* [HOW TO COMPLETE THIS TASK] Once the line containing "Комфорт на двойна" is found in the data below, repeat it and every later line exactly, leaving the pictures out.

* [DATASET EXCERPT]
===

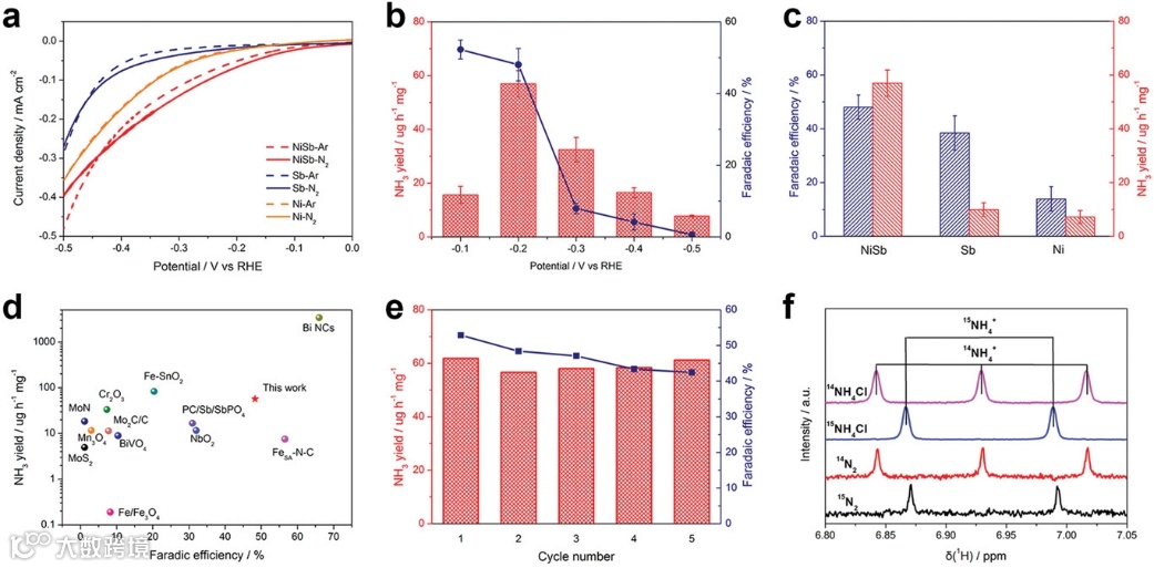 图 3. a) 纳米多孔 Ni、Sb 和 NiSb 在 Ar 和 N2 下的极化曲线。 b) 在不同电位下纳米多孔 NiSb 的 NH3 产率和法拉第效率。 c) 纳米多孔 NiSb、Ni 和 Sb 在 -0.2 V vs RHE 下的法拉第效率和 NH3 产率。 d)各种非贵金属氮还原反应(NRR)电催化剂的性能比较。e) 纳米多孔 NiSb 在 -0.2 V 下的循环测试。f) 分别用 15N2 和 14N2 得到的,纳米多孔 NiSb 电催化后电解质的 1H NMR 光谱。
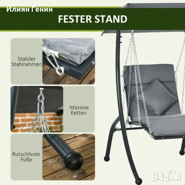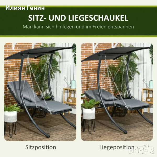 Комфорт на двойна люлка: Нашата градинска люлка може да се регулира в две удобни позиции: или удобно седене, или релаксиращ шезлонг, което предлага възможност за спонтанна дрямка, за да завършите деня по приятен начин.
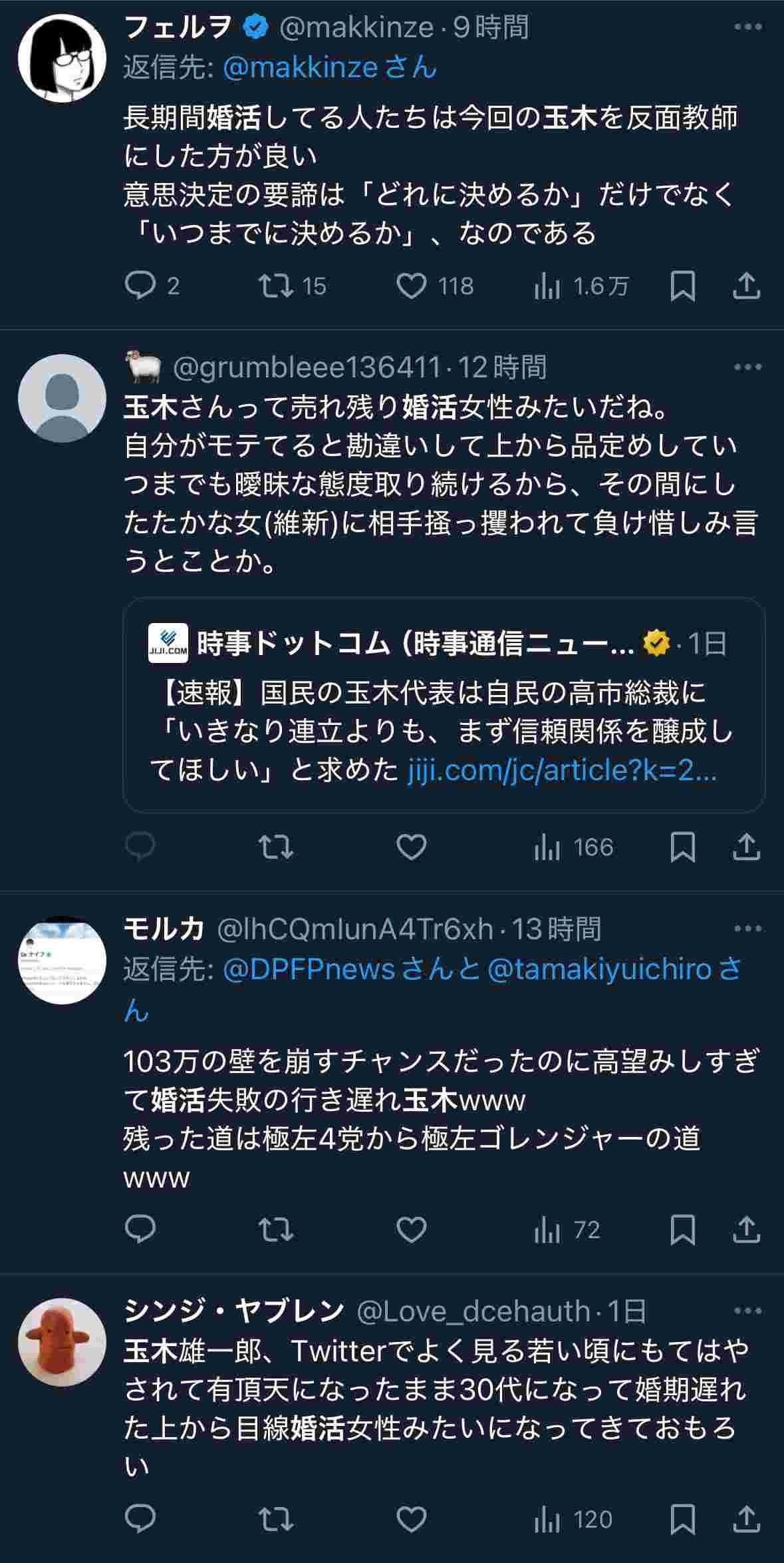 玉木雄一郎、Twitterでよく見る若い頃にもてはやされて有頂天になったまま30代になって婚期遅れた上から目線婚活女性みたいになってきておもろい

===

* [SOLUTION]
 Комфорт на двойна люлка: Нашата градинска люлка може да се регулира в две удобни позиции: или удобно седене, или релаксиращ шезлонг, което предлага възможност за спонтанна дрямка, за да завършите деня по приятен начин.
 玉木雄一郎、Twitterでよく見る若い頃にもてはやされて有頂天になったまま30代になって婚期遅れた上から目線婚活女性みたいになってきておもろい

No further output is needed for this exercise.